Stonehenge breakthrough
SCIENTISTS from South Yorkshire uncovered vital evidence that could help solve one of the oldest British mysteries: why Stonehenge was built.
Archaeologists at the University of Sheffield have revealed new radiocarbon dates of human cremation burials at Stonehenge indicate the monument was most probably used as a cemetery for an elite royal family.
Sheffield archaeologists Professor Mike Parker-Pearson and Professor Andrew Chamberlain believe the cremation burials could represent the natural deaths of a single elite family and its descendants, perhaps a ruling dynasty from just after 3000 BC until well after the large stones went up around 2500 BC.
Their results contradict what many archaeologists previously believed – that people had been buried at Stonehenge only before the large stones, known as sarsens, were put in place.

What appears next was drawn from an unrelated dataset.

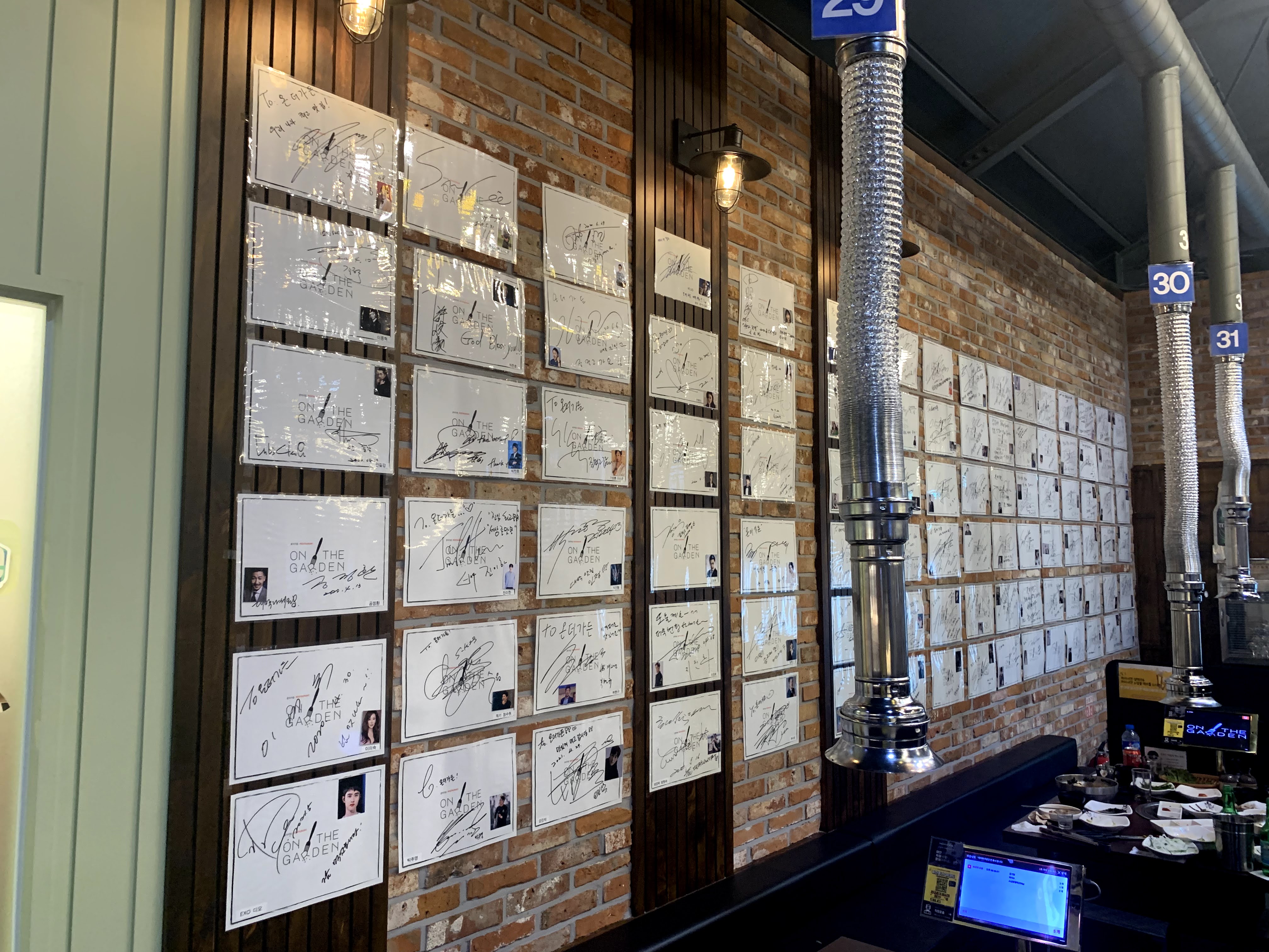 저희가 앉은 자리 뒤쪽벽에 붙은 하얀색종이들이 보이시죠? 이게 모두 연예인이 와서 먹고 남겨놓고 간 싸인들입니다. 여기 온더가든 사장님이 연예계와 관련이 있으신 분이 아닐까 조심스럽게 예상을 해봅니다. 자세히 보니 유명한 연예인들이 아주 많더라구요.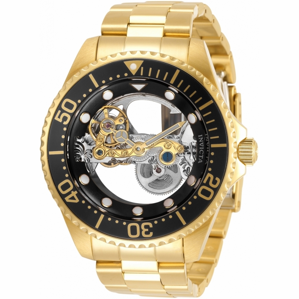 Gold-tone stainless steel case and bracelet. Uni-directional rotating gold-tone bezel with an inlaid black ring. Black (transparent) dial with luminous gold-tone hands and dot hour markers. Dial Type: Analog. Luminescent hands and markers. Caliber LG0802B automatic movement. Scratch resistant mineral crystal. Pull / push crown. Transparent case back. Round case shape. Case size: 47 mm. Case thickness: 16 mm. Band width: 22 mm, band length: 8.50 inches. Fold over clasp. Water resistant at 100 meters / 330 feet. Functions: hour, minute, second. Pro Diver Series. Casual watch style. Invicta Pro Diver Automatic Black Dial Mens Watch 34447.

The findings are the result of the Stonehenge Riverside Project, a collaboration between five UK universities.
Prof Parker-Pearson, from the Department of Archaeology at the University of Sheffield, who is leading the project, said: "I don't think it was the common people getting buried at Stonehenge – it was clearly a special place at that time.
"The people buried here must have been drawn from a very small and select living population. Archaeologists have long speculated about whether Stonehenge was put up by prehistoric chiefs – perhaps even ancient royalty – and the new results suggest that not only is this likely to have been the case but it also was the resting place of their mortal remains."